N1QL Performances - Are 2,5K requests by second at 2ms each an expected average?

Hi,

I’m currently running some tests on Couchbase, and I wanted to know if the number I got while doing N1QL requests are what I should expect, or if I should be getting some better number.

Using an average cluster, I’m getting at most 2500 N1QL requests by second (around 2 ms response time for each) before capping the servers CPU. Is that normal ?

I’m running Couchbase Entreprise Edition, version 4.5. The client code is in C#, using the official Couchbase SDK.

I’m running a test cluster on MS Azure, with 6 nodes:

  • 2 nodes “data” (16 cores / 40 Go)
  • 1 node “data + query” (8 cores / 24 Go)
  • 3 nodes “index + query” (2 * 8 cores / 24 Go, 1 * 16 cores / 40 Go)

All data is stored on SSD drives.

The cluster contains 40 millions documents, for a total size of approximatly 100 Go.

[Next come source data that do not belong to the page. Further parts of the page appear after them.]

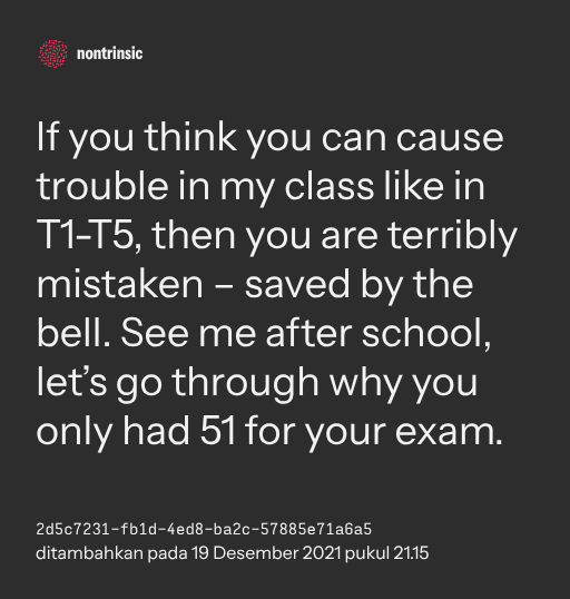 π€ bagikanIf you think you can cause trouble in my class like in T1-T5, then you are terribly mistaken – saved by the bell. See me after school, let’s go through why you only had 51 for your exam.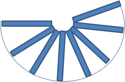 2) Разрезаете свой прямоугольник на 4 равные части. И разводите их по нижнему краю, к примеру, на 10 см. Эта цифру я придумала для примера, она может быть любой. 3) Обведите полученную выкройку по контуру, чтобы скруглить получившиеся углы. И перенесите на ткань. Таких деталей вам понадобится 2 экземпляра - перед и зад. По этой схеме можно выкроить любую пышность юбки, не только "полусолнце", но и полное "солнце" и "полтора солнца" и даже "два солнца". Просто нужно будет наш первый прямоугольник разезать на большее количесто частей, например на 8, а потом развести на необходимое расстояние. Примерно так будет выглядеть выкройка юбки "полтора солнца":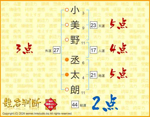 小(3画)美(9画)野(11画) 丞(6画)太(4画)朗(11画)

When testing key / value access, I’m able to get more than 180K reads by second at 30% CPU, with an average response time under 0.2 ms.

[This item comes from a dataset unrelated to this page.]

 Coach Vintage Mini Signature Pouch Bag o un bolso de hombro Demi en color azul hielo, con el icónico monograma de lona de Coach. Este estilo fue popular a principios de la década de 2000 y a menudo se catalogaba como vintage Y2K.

I’m using indexes, with the given definitions:

CREATE INDEX idxType ON catalog(type)
CREATE INDEX idxEan ON catalog(ean) WHERE (type = "Product")

(“catalog” is the bucket name)

The test request looks like that:

select catalog.* from catalog where type = 'Product' and ean = '{ean}'

where the “ean” field value change for each request.

I expected a performance hit when going from key access to N1QL, but I’m surprised that it’s so huge - in fact, I’m so surprised that I think I did something wrong :slight_smile:

I tried to change to topology of the cluster (adding more query servers, for example), but to no avail - each query server seems to be able to handle around 700 / 800 N1QL queries by second at best, which seems to be very low. The bottleneck is very clearly the query nodes CPU.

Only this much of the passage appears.